- The Washington Times - Thursday, July 27, 2017

The House approved $1.6 billion Thursday to fund the first installment of President Trump’s border wall, surmounting Democrats’ unanimous opposition and giving the White House a significant though potentially short-lived victory.

The money was attached to a massive security spending bill designed to fund the Pentagon and veterans’ needs, but the legislation now heads to the Senate, where Democrats have signaled that they will resist any money for the border wall. If they mount a filibuster, it would once again leave Mr. Trump and fellow Republicans facing the choice of removing money for the wall or careening into a shutdown showdown.

Funding for the border wall was added to the bill in a 230-196 vote. Five Republicans defected to join all Democrats in opposition. The broader security package then cleared on a 235-192 vote.

“Every single dime the president requested to start building a wall on our southern border, he’s going to get,” said House Majority Leader Kevin McCarthy, California Republican.

The money would cover 32 more miles of border fence in Texas, 28 miles of levee wall along the Rio Grande Valley, also in Texas, and 14 miles of replacement fence in San Diego.

Republican leaders added the money into the bill hoping Democrats would be willing to swallow it as part of a broader security package. But Republicans refused to allow a vote specifically on the wall and instead used an arcane process to add the money to the bill through an amendment to the rules governing the floor debate.

Democrats chided Republicans for hiding the vote and for leaving Americans to pick up the tab. They said that broke Mr. Trump’s promise during the campaign to make Mexico pay for the wall.

“Nary a peso from Mexico,” said Rep. Louise McIntosh Slaughter, New York Democrat.

Indeed, relations with Mexico have been strained by Mr. Trump’s promise, and he has struggled to follow through on the myriad ideas he suggested during the presidential campaign for how to soak Mexicans for the wall’s price tag.

“Donald Trump’s border wall is a massive waste of taxpayer money that will not make us safer,” said Democratic National Committee Chairman Tom Perez. “Like many of the president’s policies, this initiative is rooted in nothing more than prejudice and fearmongering.”

Republicans insisted that the wall will help both sides of the border.

“A good fence or wall will make a good neighbor,” said Rep. Louie Gohmert, Texas Republican.
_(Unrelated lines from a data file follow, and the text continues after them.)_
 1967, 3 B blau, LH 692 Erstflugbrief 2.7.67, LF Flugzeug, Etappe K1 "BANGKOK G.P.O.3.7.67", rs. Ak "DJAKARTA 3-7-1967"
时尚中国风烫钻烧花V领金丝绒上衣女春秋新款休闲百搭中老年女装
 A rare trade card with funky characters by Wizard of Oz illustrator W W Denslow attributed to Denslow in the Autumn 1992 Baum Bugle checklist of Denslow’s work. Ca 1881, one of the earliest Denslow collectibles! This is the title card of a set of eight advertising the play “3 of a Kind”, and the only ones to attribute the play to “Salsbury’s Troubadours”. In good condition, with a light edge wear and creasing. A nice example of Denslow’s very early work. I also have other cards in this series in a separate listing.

The broader bill, which covers fiscal year 2018, pumps money into the Department of Veterans Affairs, funds congressional operations and marks a major boost in defense spending, which Mr. Trump has demanded.

The Pentagon increases, though, run afoul of the strict budget caps Congress and President Obama agreed to earlier this decade, giving Democrats in the Senate even more tools to derail the bill.
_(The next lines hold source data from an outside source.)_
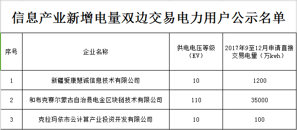 新疆自治區(qū)經(jīng)信委日前發(fā)布了《關(guān)于公示2017年信息產(chǎn)業(yè)新增電量雙邊交易電力用戶名單的通知》,通知中稱,自治區(qū)將組織2017年云計(jì)算、大數(shù)據(jù)等信息產(chǎn)業(yè)新增電量雙邊交易,交易時(shí)段:2017年9月1日-2017年12月31日,公示名單中包含3家企業(yè)。
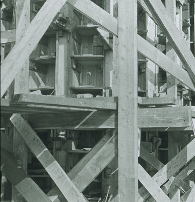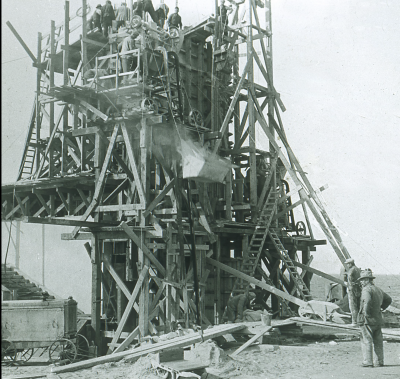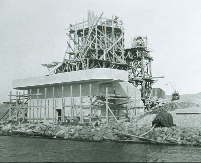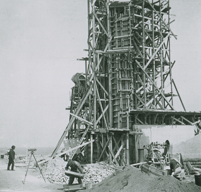 Monument van W.M. Dudok bij de Vlieter in aanbouw, 1...
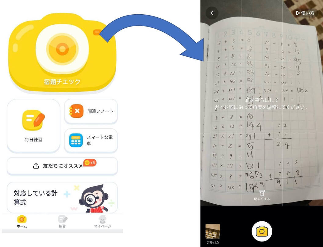 AI画像認識技術により、答案を撮影して1秒たらずで足し算や引き算、かけ算などの解答の正誤を見極めてくれます。
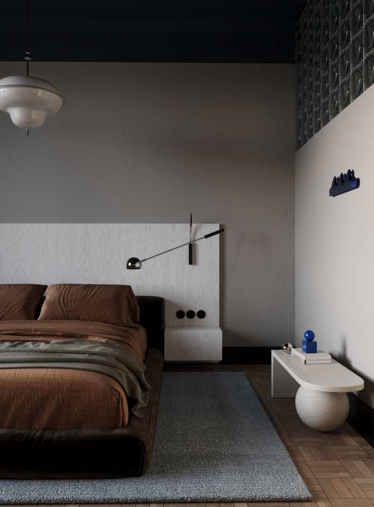 W sypialni ponownie pojawia się dekor Willow Biały R55072 – zdobiąc tym razem zagłówek łożka. Ten mebel został pokryty brązowym welurem, dzięki czemu zdaje się zapraszać do słodkiego lenistwa. Toaletka oddziela strefę garderoby i sypialną. Istotnym elementem wnętrza jest zabudowa pokryta stalową blachą, w której sypialnia delikatnie się odbija. Ważnym miejscem tego mieszkania jest łazienka. Architektce zależało na zapewnieniu tu dostępu do naturalnego światła – stąd luksfera, która zaprasza tu promienie słońca. To wnętrze jest luźnym nawiązaniem do morskich pejzaży. Idealnie wpisał się tu dekor Horyzont U18029 firmy Pfleiderer – nie tylko z nazwy, ale i barwy. Posadzka przypomina spękaną ziemię, a nad nią góruje dekoracyjna lampa przypominająca zachodzące słońce.
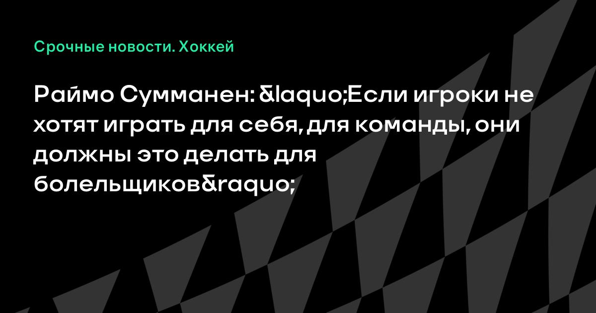 Раймо Сумманен: «Если игроки не хотят играть для себя, для команды, они должны это делать для болельщиков»
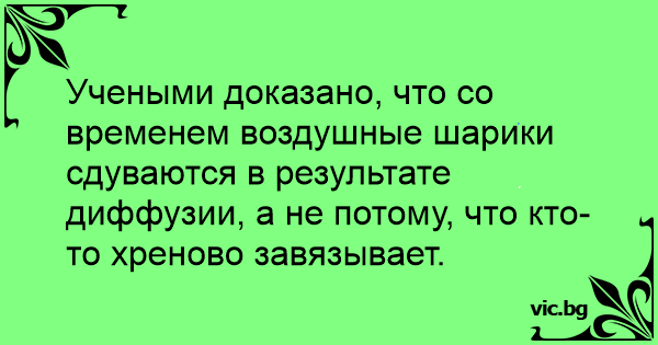Учеными доказано, что со временем воздушные шарики сдуваются в результате диффузии, а не потому, что кто-то хреново завязывает.
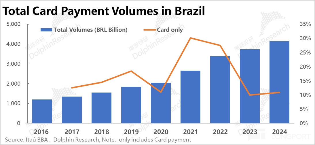 行業體量上,僅考慮刷卡支付,巴西支付市場的整體規模略超4.1萬億巴西里拉,對應近$7600億。走出疫情後的高速增長期後,近兩年刷卡支付額的整體增速回落到約10%左右。
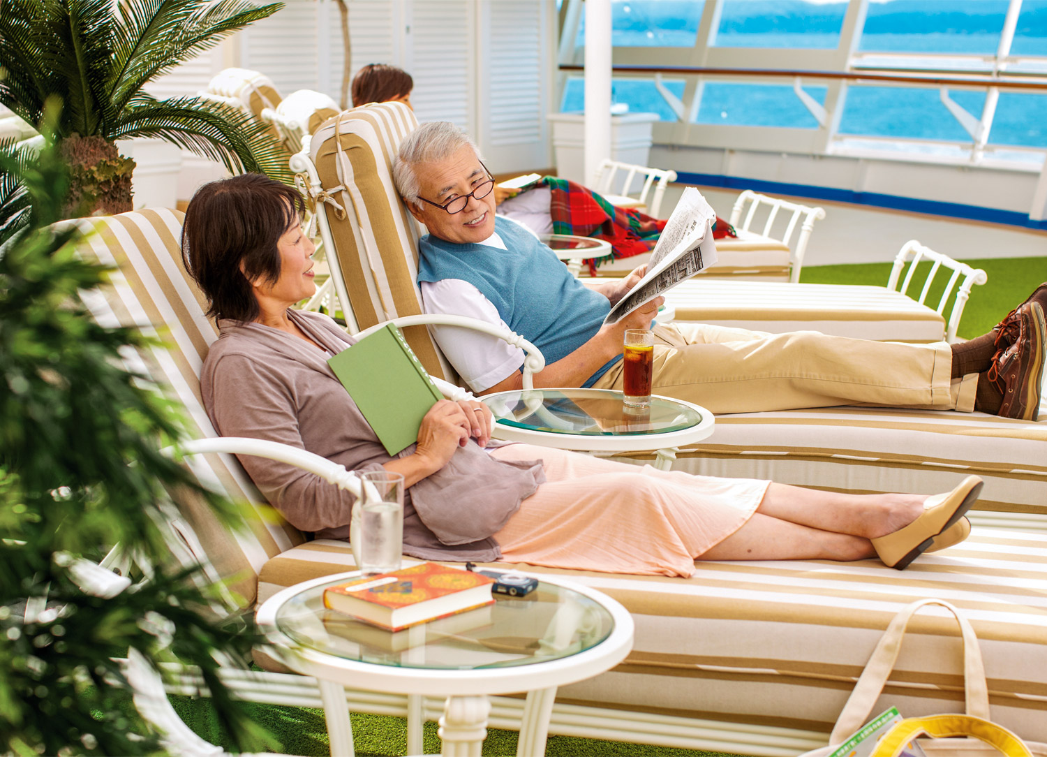 Featured only on Diamond Princess, this Japanese bath is a unique bathing experience that is both highly relaxing and a great way to experience Asian culture. Two sections of this area, both of which feature heated whirlpools and other sensational relaxing features, are reserved for men and women, with a unisex hydrotherapy pool area.
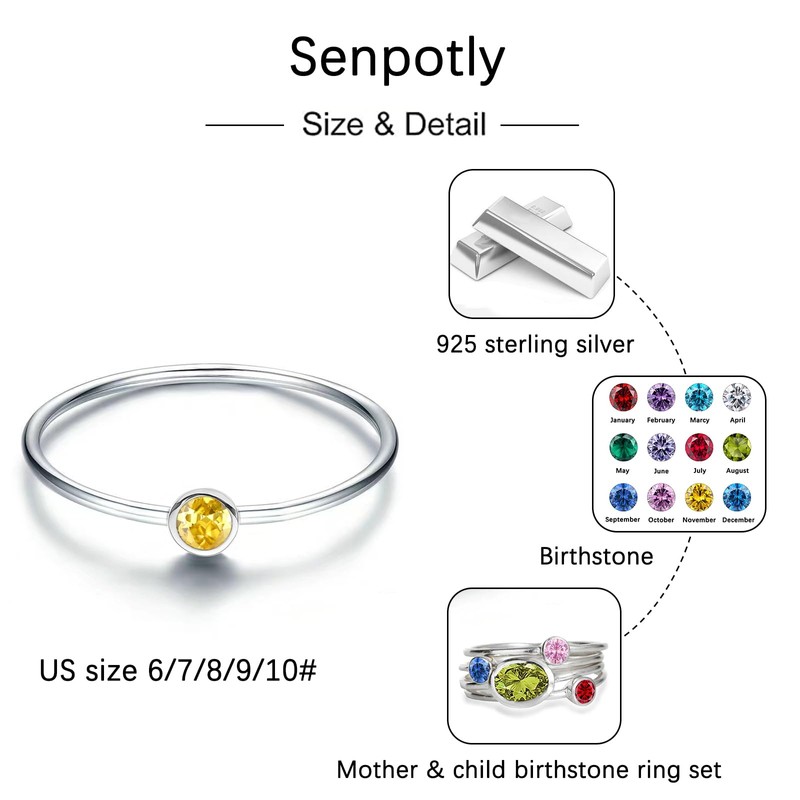 - Meaningful birthstone rings: You can choose the right ring for your needs, if you have a daughter and a son, you can choose two round birthstone rings and one oval birthstone ring to form a stack ring set based on the month in which you and your son and daughter were born.

It was the border wall that drew the most attention, however.

Some 352 miles of the border already have fencing, and another 300 miles have barriers that can deter vehicles but still allow foot traffic.
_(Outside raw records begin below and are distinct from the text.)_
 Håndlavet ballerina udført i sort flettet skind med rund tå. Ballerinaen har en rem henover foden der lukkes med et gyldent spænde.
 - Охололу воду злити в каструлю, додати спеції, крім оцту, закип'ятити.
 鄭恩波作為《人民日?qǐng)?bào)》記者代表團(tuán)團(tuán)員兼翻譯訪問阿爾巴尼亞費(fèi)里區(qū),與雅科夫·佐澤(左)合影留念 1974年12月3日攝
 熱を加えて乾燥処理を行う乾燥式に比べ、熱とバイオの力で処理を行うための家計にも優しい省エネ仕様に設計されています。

Mr. Trump has given conflicting signals about how much of the border he thinks will need fencing, though he told reporters this month that perhaps only 700 miles will need a wall.

U.S. Customs and Border Protection, though, has ruled out fencing along 130 miles of the 1,954-mile-long border. Those areas have enough natural barriers that traversing them is deemed too difficult to need enhancements.

The Texas and San Diego walls that Mr. Trump proposed are the most immediate needs, CBP said.

According to documents issued in the spring, contracting officials were hoping for a 50-foot wall that could withstand breaching attempts for up to four hours. The wall would also have to look physically imposing.

Mr. Trump has recently proposed installing solar panels on the wall to produce energy, which he said could help pay for the cost.

CBP is preparing to name finalists to construct prototypes this fall, ahead of construction in the next fiscal year.

Mr. Trump tried to get construction started this year and asked for money in the spending bill Congress was working on in the spring, but Democrats refused. Facing a government shutdown, Republicans largely retreated.